I would prefer a way to speed Matlab up
MATLAB uses Gauss elimination to compute the inverse of a general matrix (full rank, non-sparse, without any special properties) using mldivide and this is Θ(n3), where n is the size of the matrix. So, in your case, n=5000 and there are 1.25 x 1011 floating point operations. So on a reasonable machine with about 10 Gflops of computational power, you're going to require at least 12.5 seconds to compute the inverse and there is no way out of this, unless you exploit the "special properties" (if they're exploitable)
Inverting an arbitrary 5000 x 5000 matrix is not computationally easy no matter what language you are using. I would recommend looking into approximations. If your matrices are low rank, you might want to try a low-rank approximation M = USV'
Here are some more ideas from math-overflow:
https://mathoverflow.net/search?q=matrix+inversion+approximation
First suppose the eigen values are all 1. Let A be the Jordan canonical form of your matrix. Then you can compute A^{-1} using only matrix multiplication and addition by
A^{-1} = I + (I-A) + (I-A)^2 + ... + (I-A)^k
where k < dim(A). Why does this work? Because generating functions are awesome. Recall the expansion
(1-x)^{-1} = 1/(1-x) = 1 + x + x^2 + ...
This means that we can invert (1-x) using an infinite sum. You want to invert a matrix A, so you want to take
A = I - X
Solving for X gives X = I-A. Therefore by substitution, we have
A^{-1} = (I - (I-A))^{-1} = 1 + (I-A) + (I-A)^2 + ...
Here I've just used the identity matrix I in place of the number 1. Now we have the problem of convergence to deal with, but this isn't actually a problem. By the assumption that A is in Jordan form and has all eigen values equal to 1, we know that A is upper triangular with all 1s on the diagonal. Therefore I-A is upper triangular with all 0s on the diagonal. Therefore all eigen values of I-A are 0, so its characteristic polynomial is x^dim(A) and its minimal polynomial is x^{k+1} for some k < dim(A). Since a matrix satisfies its minimal (and characteristic) polynomial, this means that (I-A)^{k+1} = 0. Therefore the above series is finite, with the largest nonzero term being (I-A)^k. So it converges.

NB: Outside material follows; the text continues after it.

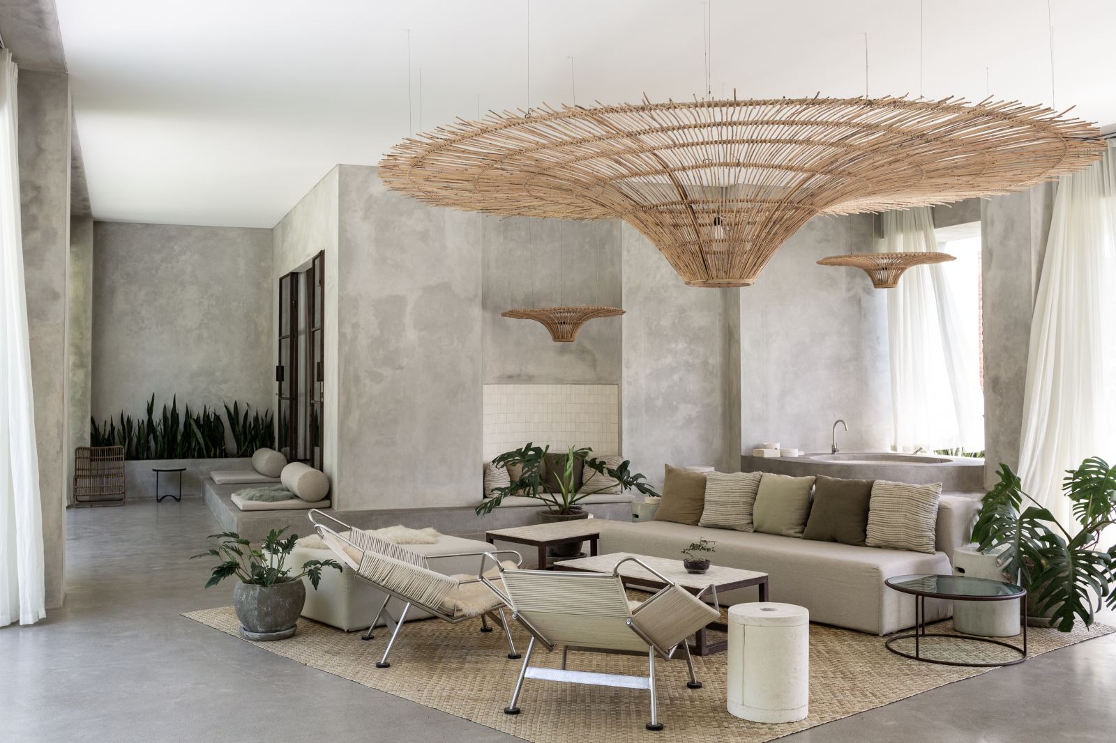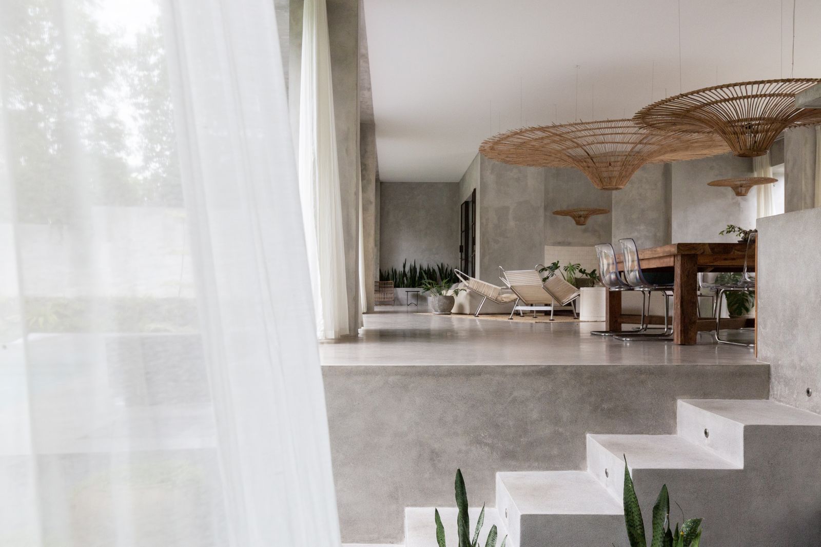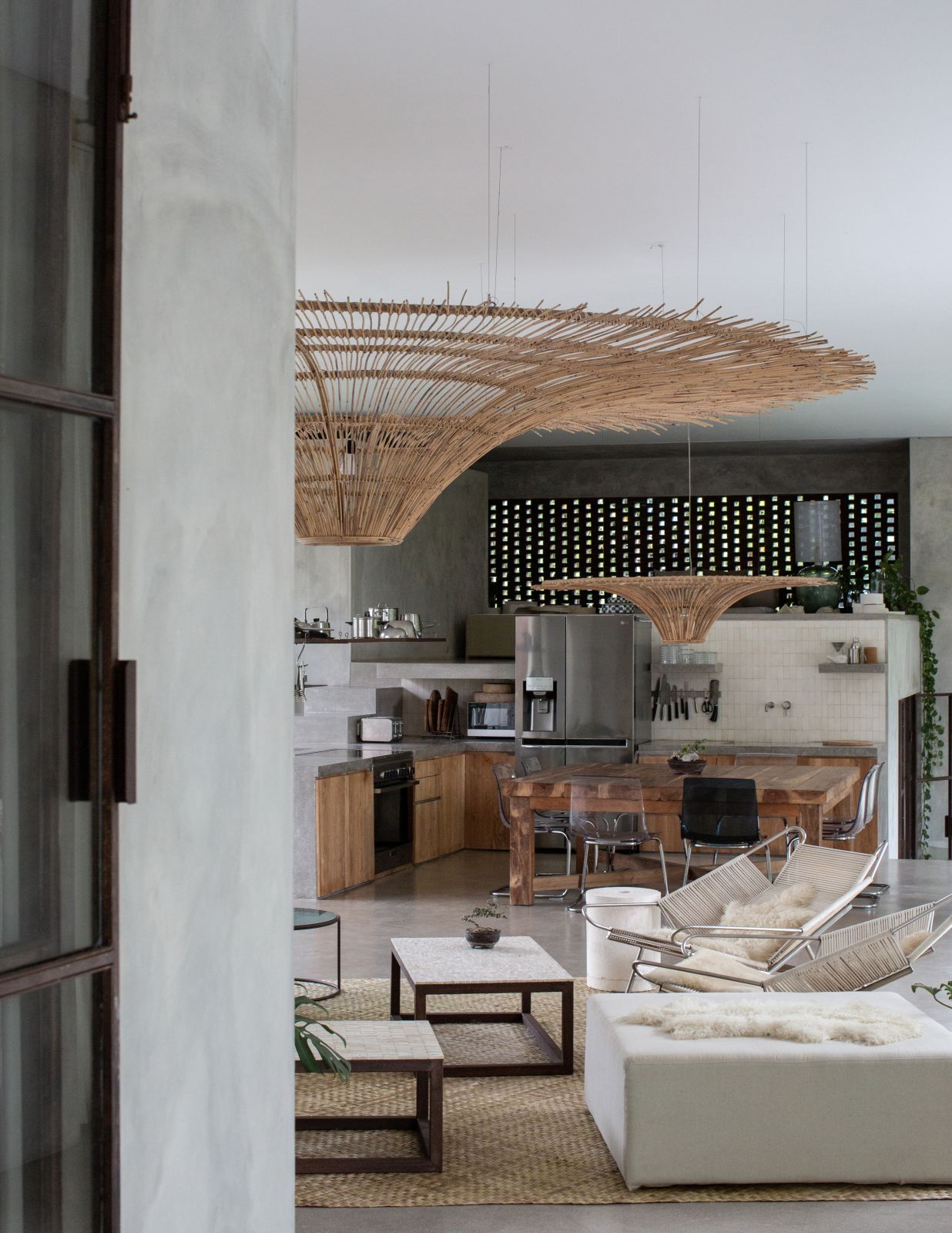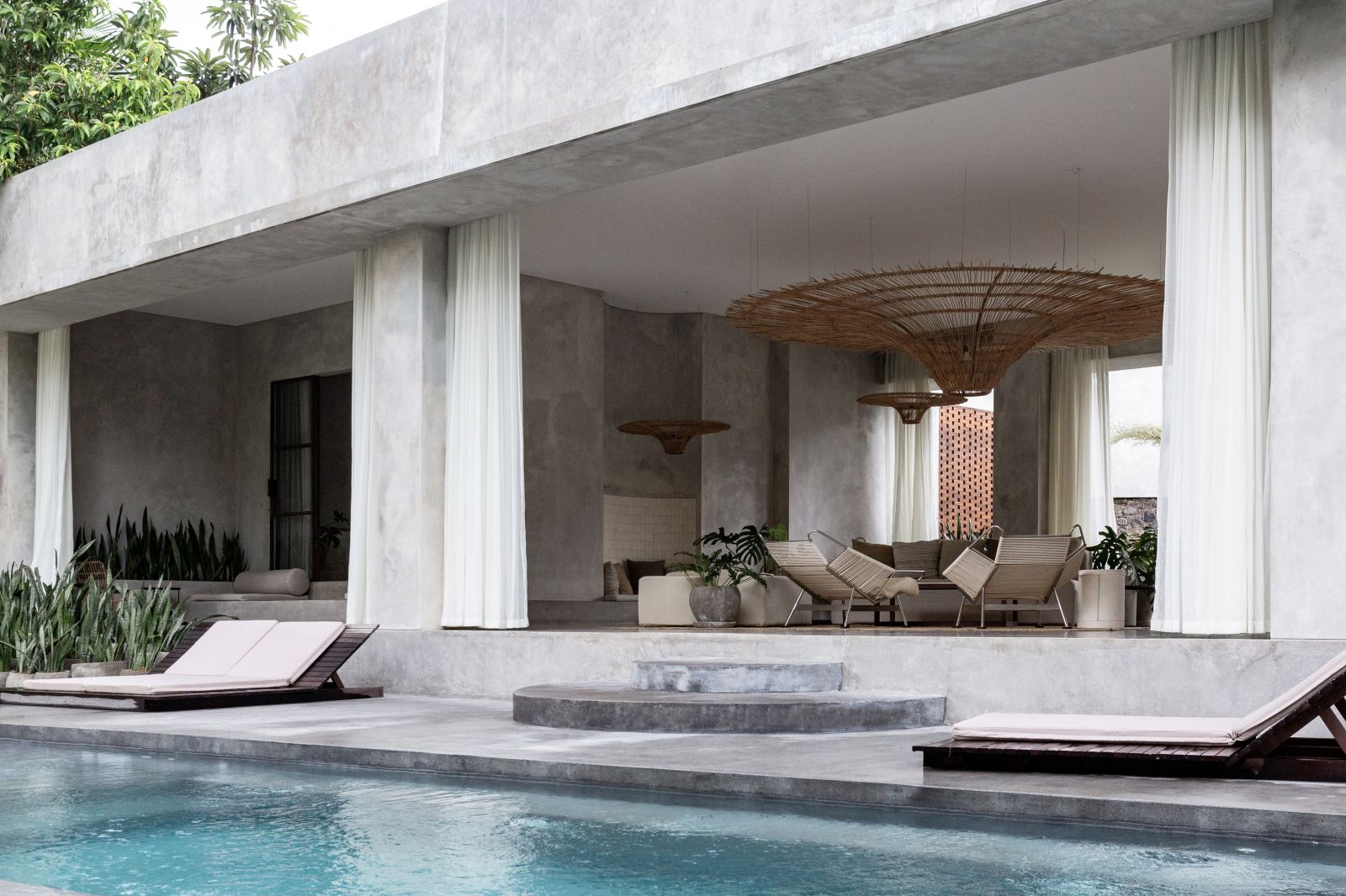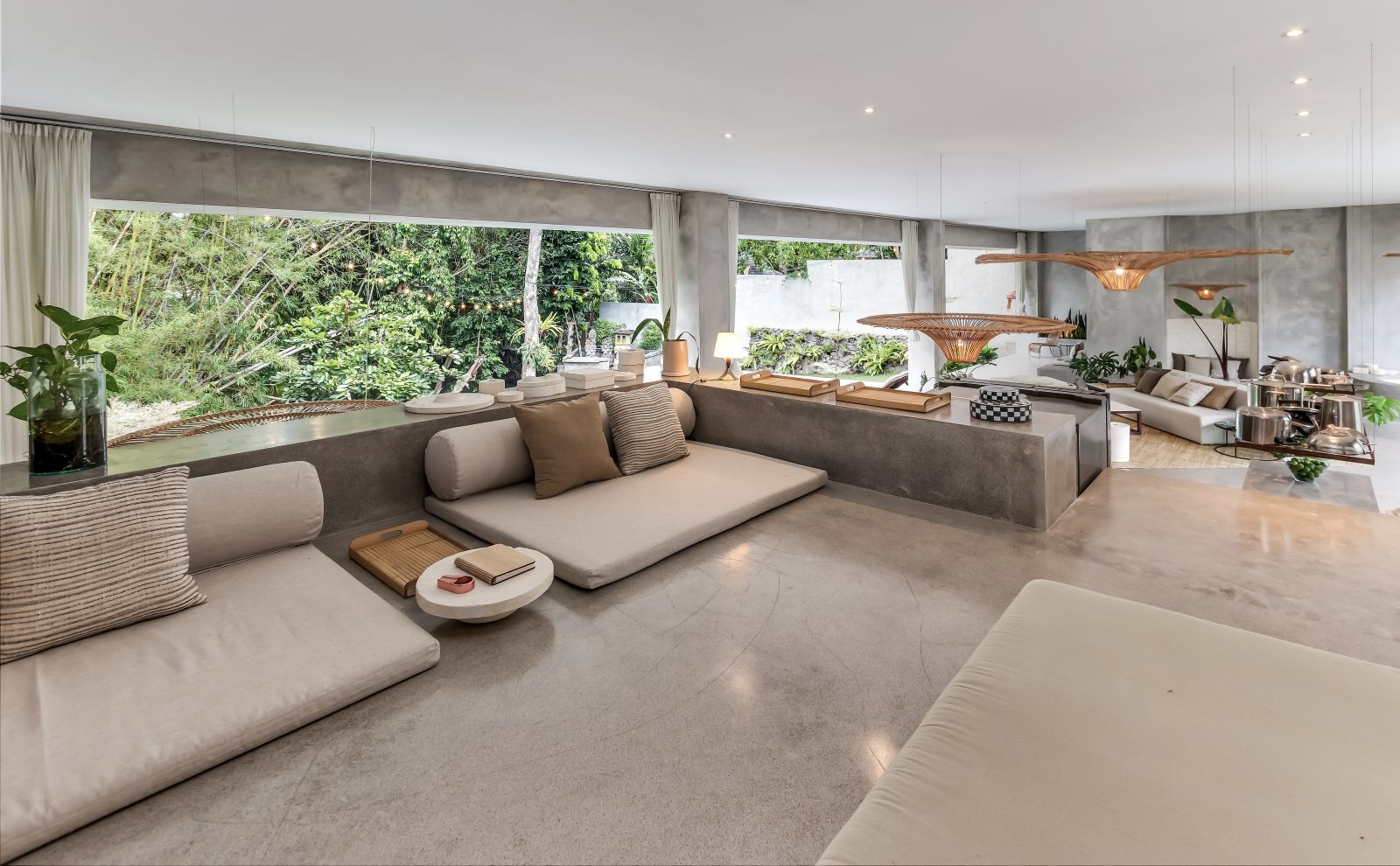 This villa showcases a refined blend of raw architectural elements and natural warmth, highlighted by its use of exposed concrete, wood accents, and lush greenery. The design feels grounded yet inviting, with handcrafted details such as the statement bamboo chandelier adding a unique artistic touch. Natural light fills the open-plan space, enhancing the textures and creating a calm, airy atmosphere throughout.
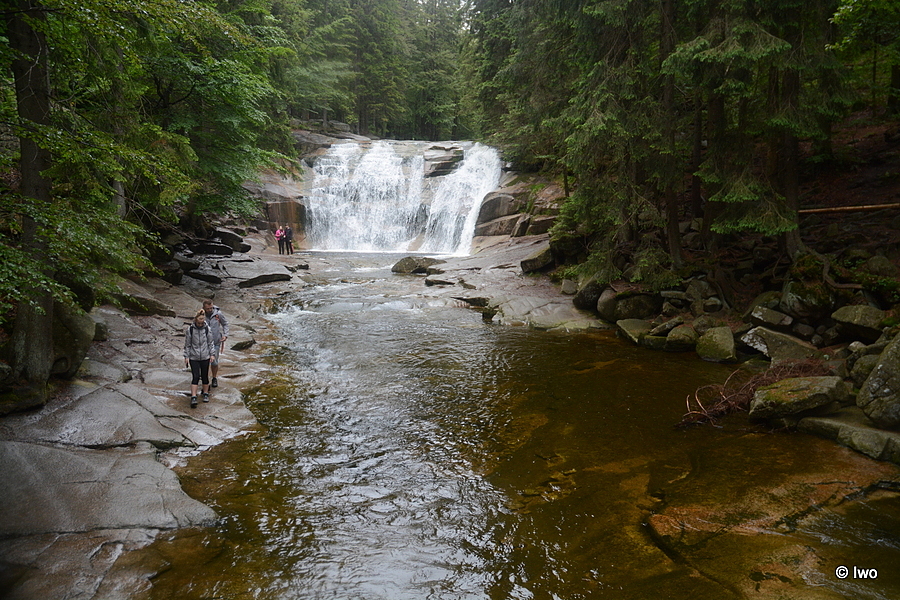 Pokud mne paměť neklame, úplně první vodopády, u nichž jsem nebyl sám. Masová atrakce i v tom nejhnusnějším počasí. Až takřka na místo pohodlná asfaltka od Harrachova (modrá značka), či alternativně po žluté (Harrachov – Rýžoviště). Přes říčku vyhlídkový mostek. Pod ním viditelné vyšší kaskády, ale také zábradlí, přes které se mi před tolika lidmi nechtělo.

Now, for the general case, put your matrix into Jordan form, so that you have a block triangular matrix, e.g.:
A 0 0
0 B 0
0 0 C
Where each block has a single value along the diagonal. If that value is a for A, then use the above trick to invert 1/a * A, and then multiply the a back through. Since the full matrix is block triangular the inverse will be
A^{-1} 0 0
0 B^{-1} 0
0 0 C^{-1}
There is nothing special about having three blocks, so this works no matter how many you have.
Note that this trick works whenever you have a matrix in Jordan form. The computation of the inverse in this case will be very fast in Matlab because it only involves matrix multiplication, and you can even use tricks to speed that up since you only need powers of a single matrix. This may not help you, though, if it's really costly to get the matrix into Jordan form.